Randomised controlled trial of nebulised gentamicin in children with bronchiectasis

AIM: Following trials of inhaled antibiotics in adults, this study investigates the efficacy of nebulised gentamicin to improve respiratory function in children with bronchiectasis. METHODS: This is a randomised, double‐blind, placebo‐controlled, crossover trial of 12‐week nebulised placebo/gentamicin, 6‐week washout, 12‐week gentamicin/placebo. Participants were children (5–15 years) with bronchiectasis, chronic infection (any pathogen), and able to perform spirometry from a hospital bronchiectasis clinic.

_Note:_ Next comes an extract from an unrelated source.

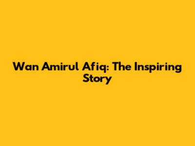 Wan Amirul Afiq: The Inspiring Story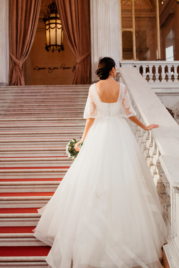 Il romanticismo è una delle caratteristiche principali degli abiti da sposa Couture Hayez. Sono i dettagli a mostrare il lato dolce e raffinato dei vestiti, come i fiocchi dalle dimensioni modeste posti sul retro dell’abito, e i ricami in pizzo dall’effetto floreale.

Primary outcomes were change in forced expiratory volume in 1 s (FEV(1)) and hospitalisation days. Secondary outcomes included sputum bacterial density, sputum inflammatory markers, additional antibiotics and symptom severity. Analyses were on an intention‐to‐treat basis. RESULTS: Fifteen children (mean 11.7‐years‐old) completed the study. There was no significant change in mean FEV(1) (56%/55%, P = 0.38) or annual rate of hospital admissions (1.1/0, P = 0.12) between gentamicin and placebo, respectively. However, Haemophilus influenzae sputum growth (27% vs. 80%, P = 0.002) and bacterial density (2.4 log(10) cfu/mL lower P < 0.001) improved with gentamicin. Sputum inflammatory markers interleukin‐1β (P < 0.001), interleukin‐8 (P < 0.001) and tumour necrosis factor‐α (P = 0.003) were lower with gentamicin. Poor recruitment limited study power and treatment adherence was challenging for this cohort. CONCLUSIONS: In this crossover study of nebulised gentamicin in children with bronchiectasis, there was a reduction in sputum bacterial density and inflammation. However, there were no major improvements in clinical outcomes and adherence was a challenge.